November 10, 2011 Leave a comment

As we approach the day formerly known as “Armistice Day,” a little note about Machen’s views of World War I seems appropriate. As World War I began, Machen had deep misgivings about American intervention on the side of the British. It appears he was far from a “hawk” on foreign policy.

In contrast to the optimistic progressives, professor J. Gresham Machen at Princeton Theological Seminary expressed a more measured view of events in Europe. Like so many of his theological opponents, he had studied abroad in Germany. Yet for some reason Machen’s fondness and sympathy for Germany seemed more durable than that of his liberal colleagues, an attitude all the more striking given his contempt for modernist German theology. In a letter to his mother dated six weeks after the opening of the war, he called Britain’s alliance with Russia and Japan “an unholy thing” that had been fashioned for the sole purpose of subduing Germany, Britain’s “progressive commercial rival.” The idea that this was to be a war for democracy he found manifestly absurd. … Responsibility for the war rested with Britain’s drive for imperial supremacy, he argued, an ambition that deprived Germany of “a place in ocean trade” and actually prevented international peace. This was not a war of ideals, but rather a war of economic competition.

While Hillis [Dwight Hillis was a minister promoting war with Germany] was beating the drum for intervention, other clergy lamented the prospect of war. J. Gresham Machen had never claimed to be an idealist or a pacifist, and over the past two years had spoken against American subservience to British policy. In 1915 he advocated genuine international pluralism over the British ambition to impose the “English mind” around the world.
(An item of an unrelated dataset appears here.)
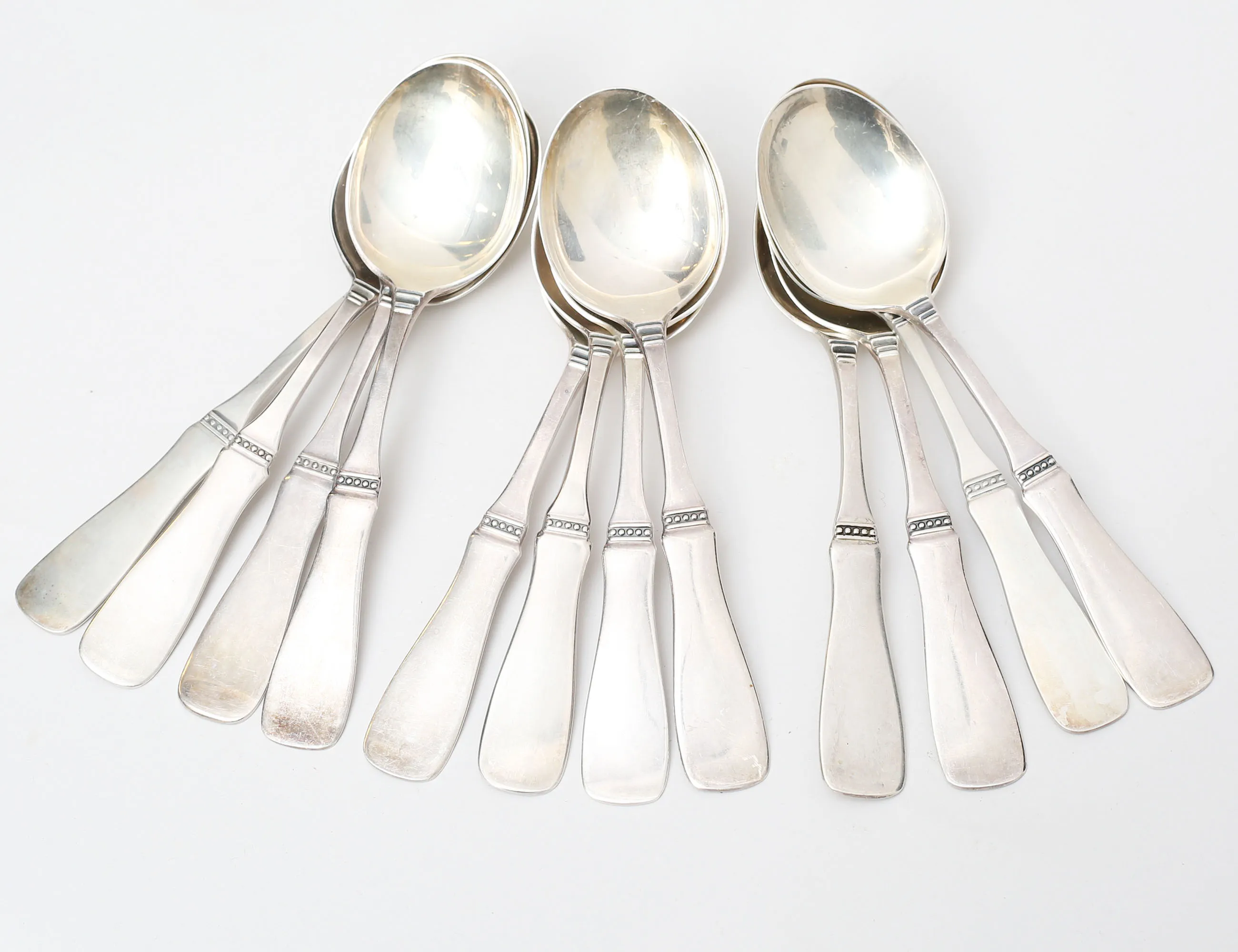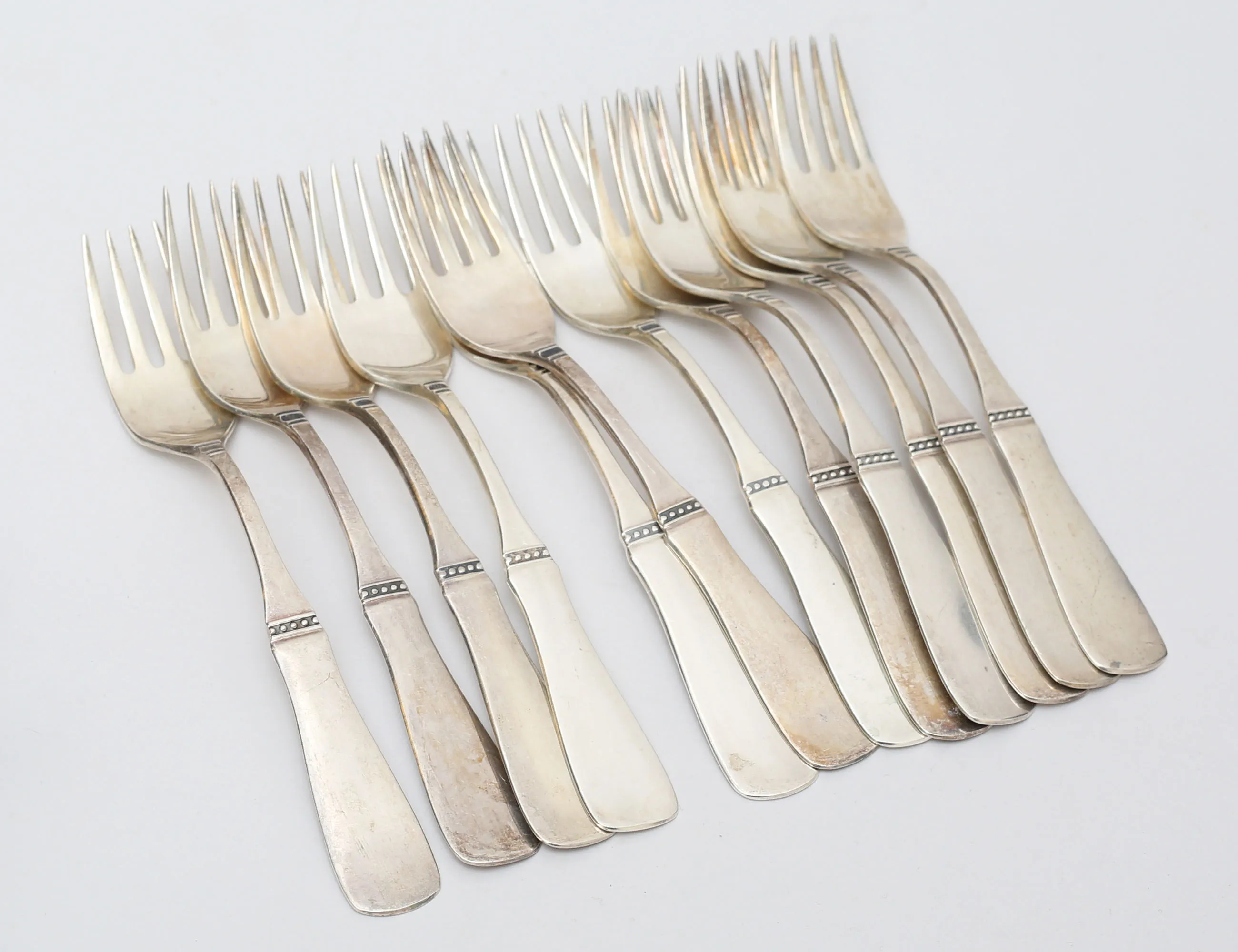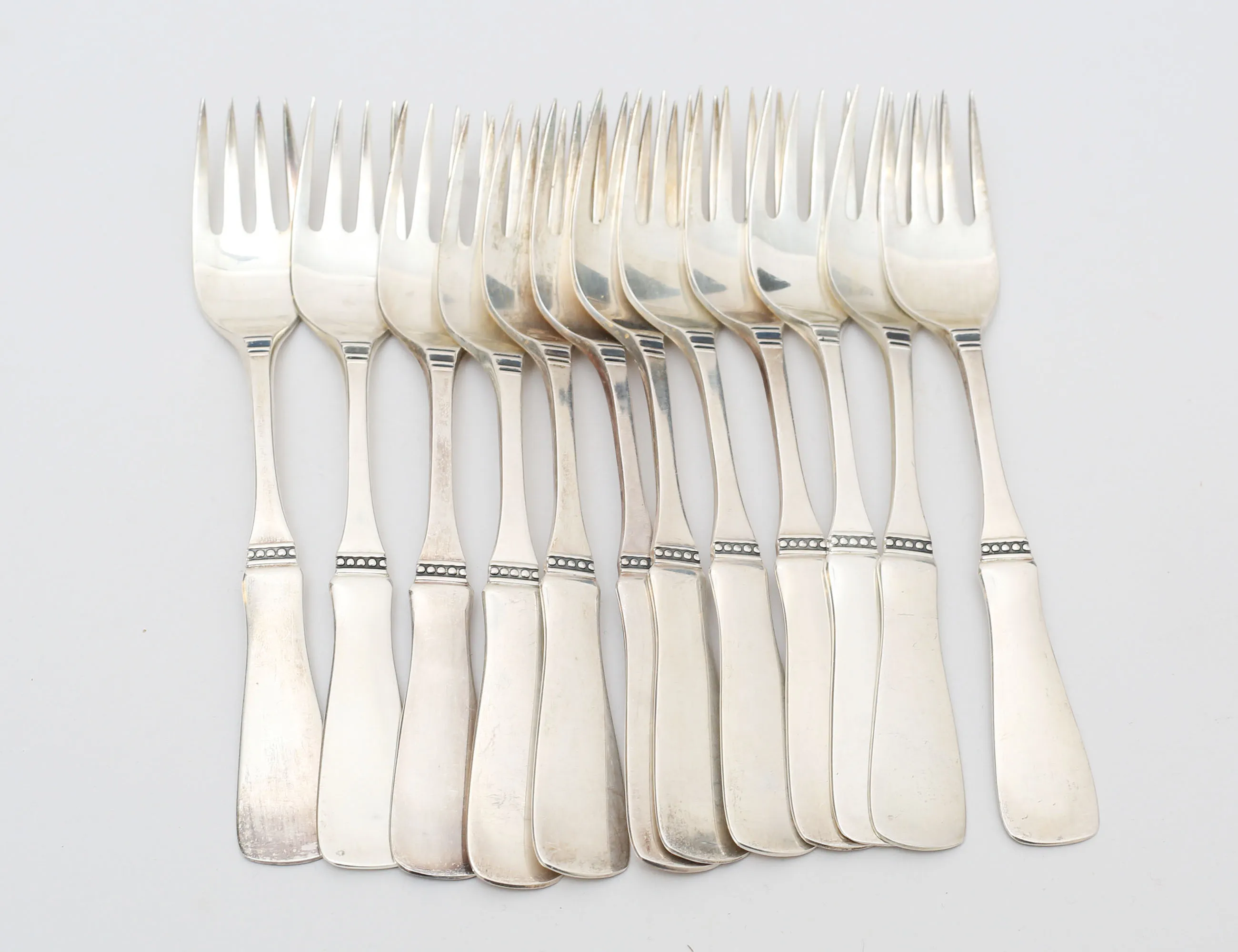 Markström Lidköping 1960/70-tal samt 2011, modell "Uppsala", 12 matgafflar, 12 matknivar, 12 matskedar, 12 förrättsgafflar, 12 förrättsknivar, 12 dessertskedar, 3 kaffeskedar, slev samt smörkniv, vikt 1773 gram exklusive knivar, längd 11-20

In 1916, he mourned America’s submission to British foreign policy, lamenting that “the spirit of ‘76 seems to be dead at last.” And now on the eve of intervention, he warned privately that the United States was heading toward bondage and statism, that is, toward “a permanent alliance with Great Britain, which will inevitably mean a continuance of the present vassalage, and a permanent policy of compulsory military service with all the brutal interference of the state in individual and family life which that entails, and which has caused the misery of Germany and France. Princeton is a hot-bed of patriotic enthusiasm and military ardor, — which makes me feel like a man without a country.”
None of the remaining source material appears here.